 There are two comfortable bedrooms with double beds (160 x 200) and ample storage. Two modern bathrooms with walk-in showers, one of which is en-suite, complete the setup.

-*-*-

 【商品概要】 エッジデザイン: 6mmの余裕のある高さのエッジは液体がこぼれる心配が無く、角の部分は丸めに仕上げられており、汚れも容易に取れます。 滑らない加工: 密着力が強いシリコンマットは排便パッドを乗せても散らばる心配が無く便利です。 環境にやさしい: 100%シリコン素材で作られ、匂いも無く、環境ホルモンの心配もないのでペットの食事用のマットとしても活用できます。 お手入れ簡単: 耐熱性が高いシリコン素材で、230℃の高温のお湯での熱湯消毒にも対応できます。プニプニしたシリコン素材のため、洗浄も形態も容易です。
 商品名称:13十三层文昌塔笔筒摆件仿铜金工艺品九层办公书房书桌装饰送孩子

-*-*-

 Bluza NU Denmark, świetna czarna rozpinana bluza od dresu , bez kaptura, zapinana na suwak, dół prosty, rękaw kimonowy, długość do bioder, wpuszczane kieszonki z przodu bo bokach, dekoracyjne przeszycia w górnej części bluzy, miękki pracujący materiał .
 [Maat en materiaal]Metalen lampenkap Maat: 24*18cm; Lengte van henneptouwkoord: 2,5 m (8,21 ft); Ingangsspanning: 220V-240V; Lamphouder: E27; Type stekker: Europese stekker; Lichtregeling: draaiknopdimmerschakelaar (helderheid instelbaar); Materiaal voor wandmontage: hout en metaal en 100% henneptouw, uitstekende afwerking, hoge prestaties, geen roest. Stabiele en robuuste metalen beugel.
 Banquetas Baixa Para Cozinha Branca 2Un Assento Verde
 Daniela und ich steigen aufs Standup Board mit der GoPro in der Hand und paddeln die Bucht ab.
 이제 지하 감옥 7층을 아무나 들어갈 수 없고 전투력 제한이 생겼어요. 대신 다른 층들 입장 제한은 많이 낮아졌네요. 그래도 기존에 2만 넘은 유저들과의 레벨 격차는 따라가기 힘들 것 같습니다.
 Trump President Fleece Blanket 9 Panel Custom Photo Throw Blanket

-*-*-

» EXERCISE DETAILS
Could you retype exactly the lines above, starting at the line that contains "Banquetas Baixa Para" and ending at the line that contains "Trump President Fleece", and nothing more?

» FINAL ANSWER
 Banquetas Baixa Para Cozinha Branca 2Un Assento Verde
 Daniela und ich steigen aufs Standup Board mit der GoPro in der Hand und paddeln die Bucht ab.
 이제 지하 감옥 7층을 아무나 들어갈 수 없고 전투력 제한이 생겼어요. 대신 다른 층들 입장 제한은 많이 낮아졌네요. 그래도 기존에 2만 넘은 유저들과의 레벨 격차는 따라가기 힘들 것 같습니다.
 Trump President Fleece Blanket 9 Panel Custom Photo Throw Blanket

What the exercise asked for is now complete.